**About this exercise:** In the entries below, find the line with "Manufacturers wholesale exquisite" and print exactly every line from there up to and including the line with "الْمقَام الَّذِي لَهُ", with no other lines.
*** Extracted records
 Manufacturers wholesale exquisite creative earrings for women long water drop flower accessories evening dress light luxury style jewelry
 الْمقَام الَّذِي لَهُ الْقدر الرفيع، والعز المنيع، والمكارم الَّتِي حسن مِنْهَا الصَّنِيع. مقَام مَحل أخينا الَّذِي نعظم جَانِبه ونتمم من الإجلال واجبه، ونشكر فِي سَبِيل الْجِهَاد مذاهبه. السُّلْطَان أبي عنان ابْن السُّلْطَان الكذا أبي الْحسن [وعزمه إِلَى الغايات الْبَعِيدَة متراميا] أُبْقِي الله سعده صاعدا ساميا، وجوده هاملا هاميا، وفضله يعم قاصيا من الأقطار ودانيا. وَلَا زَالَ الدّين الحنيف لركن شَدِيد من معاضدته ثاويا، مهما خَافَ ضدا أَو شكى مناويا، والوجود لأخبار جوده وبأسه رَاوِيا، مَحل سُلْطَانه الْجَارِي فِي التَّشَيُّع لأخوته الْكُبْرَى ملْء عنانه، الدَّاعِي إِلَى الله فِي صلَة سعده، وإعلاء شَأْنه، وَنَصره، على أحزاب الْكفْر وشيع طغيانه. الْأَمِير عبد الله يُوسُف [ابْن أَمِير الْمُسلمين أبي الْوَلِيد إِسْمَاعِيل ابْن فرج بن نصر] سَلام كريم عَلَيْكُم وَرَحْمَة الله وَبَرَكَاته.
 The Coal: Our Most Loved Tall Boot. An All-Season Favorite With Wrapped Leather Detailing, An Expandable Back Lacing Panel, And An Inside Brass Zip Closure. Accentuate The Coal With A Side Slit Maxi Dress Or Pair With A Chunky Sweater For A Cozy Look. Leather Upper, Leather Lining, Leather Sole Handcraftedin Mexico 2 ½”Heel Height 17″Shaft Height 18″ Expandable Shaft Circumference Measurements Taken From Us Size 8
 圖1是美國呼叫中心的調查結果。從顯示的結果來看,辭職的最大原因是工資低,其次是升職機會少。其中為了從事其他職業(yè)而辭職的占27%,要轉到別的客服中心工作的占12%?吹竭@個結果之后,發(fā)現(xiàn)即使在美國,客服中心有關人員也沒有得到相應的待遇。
******
*** Extracted records
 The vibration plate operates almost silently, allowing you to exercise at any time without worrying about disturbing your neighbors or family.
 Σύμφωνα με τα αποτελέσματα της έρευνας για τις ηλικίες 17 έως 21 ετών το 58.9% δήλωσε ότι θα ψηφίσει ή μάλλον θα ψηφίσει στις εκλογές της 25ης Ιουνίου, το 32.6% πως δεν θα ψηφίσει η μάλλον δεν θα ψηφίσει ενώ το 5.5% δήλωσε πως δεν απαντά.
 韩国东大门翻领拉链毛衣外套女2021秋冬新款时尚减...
******
**Written answer:**
 Manufacturers wholesale exquisite creative earrings for women long water drop flower accessories evening dress light luxury style jewelry
 الْمقَام الَّذِي لَهُ الْقدر الرفيع، والعز المنيع، والمكارم الَّتِي حسن مِنْهَا الصَّنِيع. مقَام مَحل أخينا الَّذِي نعظم جَانِبه ونتمم من الإجلال واجبه، ونشكر فِي سَبِيل الْجِهَاد مذاهبه. السُّلْطَان أبي عنان ابْن السُّلْطَان الكذا أبي الْحسن [وعزمه إِلَى الغايات الْبَعِيدَة متراميا] أُبْقِي الله سعده صاعدا ساميا، وجوده هاملا هاميا، وفضله يعم قاصيا من الأقطار ودانيا. وَلَا زَالَ الدّين الحنيف لركن شَدِيد من معاضدته ثاويا، مهما خَافَ ضدا أَو شكى مناويا، والوجود لأخبار جوده وبأسه رَاوِيا، مَحل سُلْطَانه الْجَارِي فِي التَّشَيُّع لأخوته الْكُبْرَى ملْء عنانه، الدَّاعِي إِلَى الله فِي صلَة سعده، وإعلاء شَأْنه، وَنَصره، على أحزاب الْكفْر وشيع طغيانه. الْأَمِير عبد الله يُوسُف [ابْن أَمِير الْمُسلمين أبي الْوَلِيد إِسْمَاعِيل ابْن فرج بن نصر] سَلام كريم عَلَيْكُم وَرَحْمَة الله وَبَرَكَاته.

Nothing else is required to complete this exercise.